Suppose your GraphicsDevice object holds an already deleted pointer to some Texture. While running in debug mode, when an object is being deleted its associated memory is being overwritten with something like BAADF00D. So you just call the method GetName of your invalid Texture object, and in almost all cases one of the two will happen, either you'll get an exception for trying to read an unallocated memory, or you'll get the magic number. Those magic numbers are big, I mean really big, there's no way you're going to allocate billion textures. So you can just make your assert like this (in SetTexture or directly in GetName):
assert(glIsTexture(texture->GetName()) == GL_TRUE);
glIsTexture is not a cheap call, but it's in the assert, so it'll run only in debug mode. If you want to do something similar in release mode, then you can make the check less costly (but also much less precise) by first overwriting the value of m_texture in the destructor with something big and by changing the check to:
if(texture->GetName() > 1<<20) // Or some other magic number
throw TextureException;
Although a GL implementation isn't obligated to use contiguous numbers, all implementations I've worked with, do it.As for your other questions. If GraphicsDevice is going to be responsible for deletion, then yes, you'll probably need to hold the object in many places. Though I think it's reasonable enough, because in 99% of cases there should be exactly one object of GraphicsDevice.

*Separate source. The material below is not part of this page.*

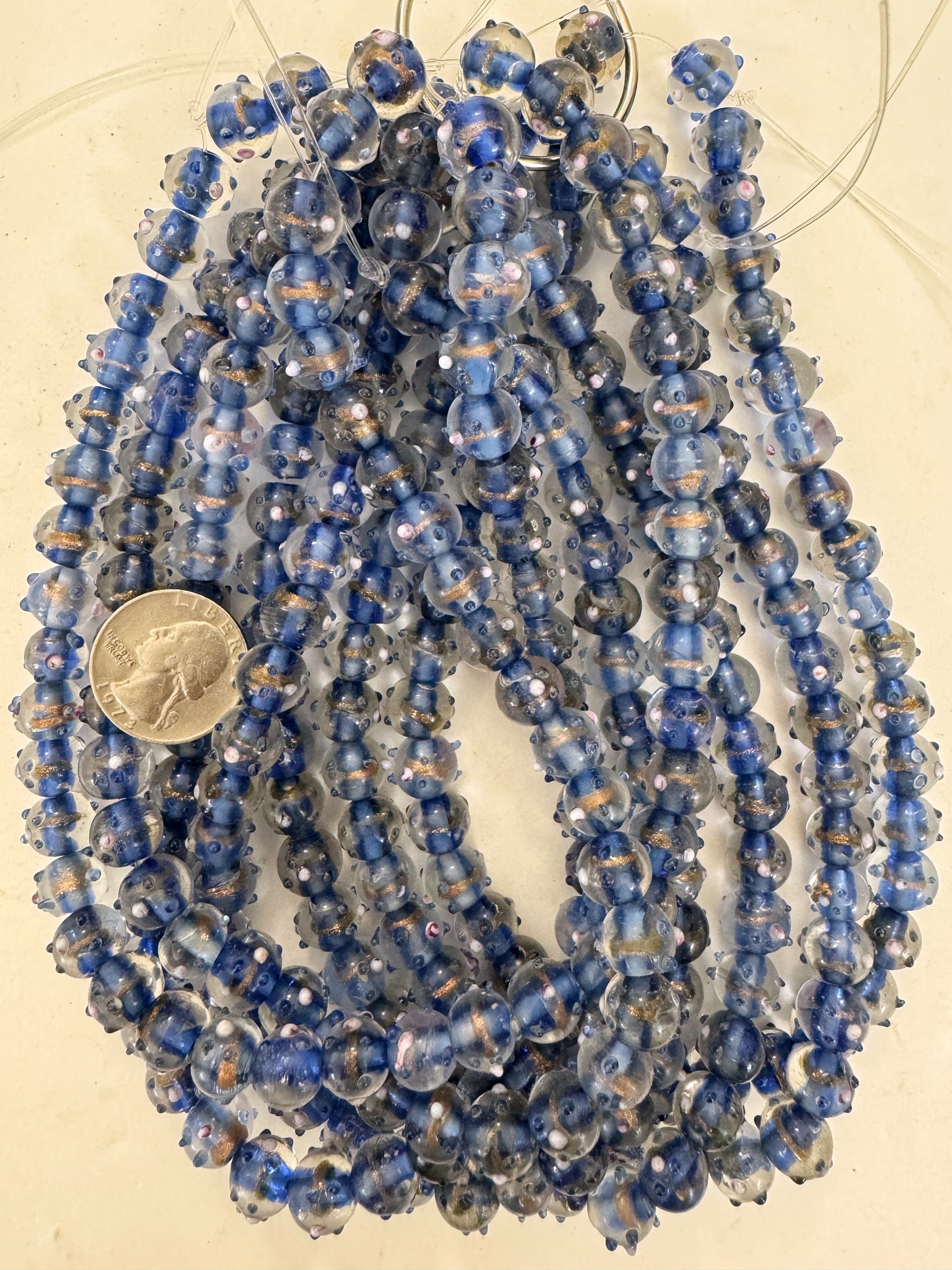 clear dark periwinkle blue white pink metallic copper inside lined dotted, vintage look glass, 11x9mm rondelle mix, 15" strand, sold per strand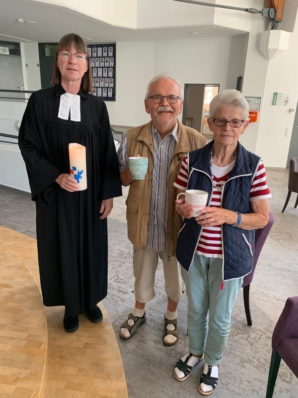 Im Gottesdienst im Evangelischen Gemeindehaus in . Über 20 Jahre war Werner Grzegorz als Gemeindesprecher auch Ansprechpartner für die Gehörlosengemeinde in Lippstadt. Pfarrerin Heidi Bunse-Großmann dankte ihm für seine Mitarbeit und überreichte ihm eine Tasse mit einem Segenswort. Seine Frau, Monika Grzegorz, übernahm nun das Gemeindesprecheramt und freute sich über das Vertrauen der Gemeinde. Auch sie bekam einen Segensgruß übereicht. Monika Grzegorz nahm auch schon am 17.08. an der Gemeindesprecherversammlung teil. Es war ein guter Anfang und schnell gab es viele Kontakte.

Also, planning to match D3D is good, but you need to know what version to target (10 or 11) and where to draw the line. What you want to do is probably closer to 10 than to 11. Targeting for 11 will require more abstraction in some layers, most notably separating the Device from RenderingContext. For instance, creating a texture is a Device operation, while binding a texture is a RenderingContext operation.
I really cannot summarize D3D10/11 in a few lines of text here, but you can use MSDN and the SDK for pointers on how to do it best.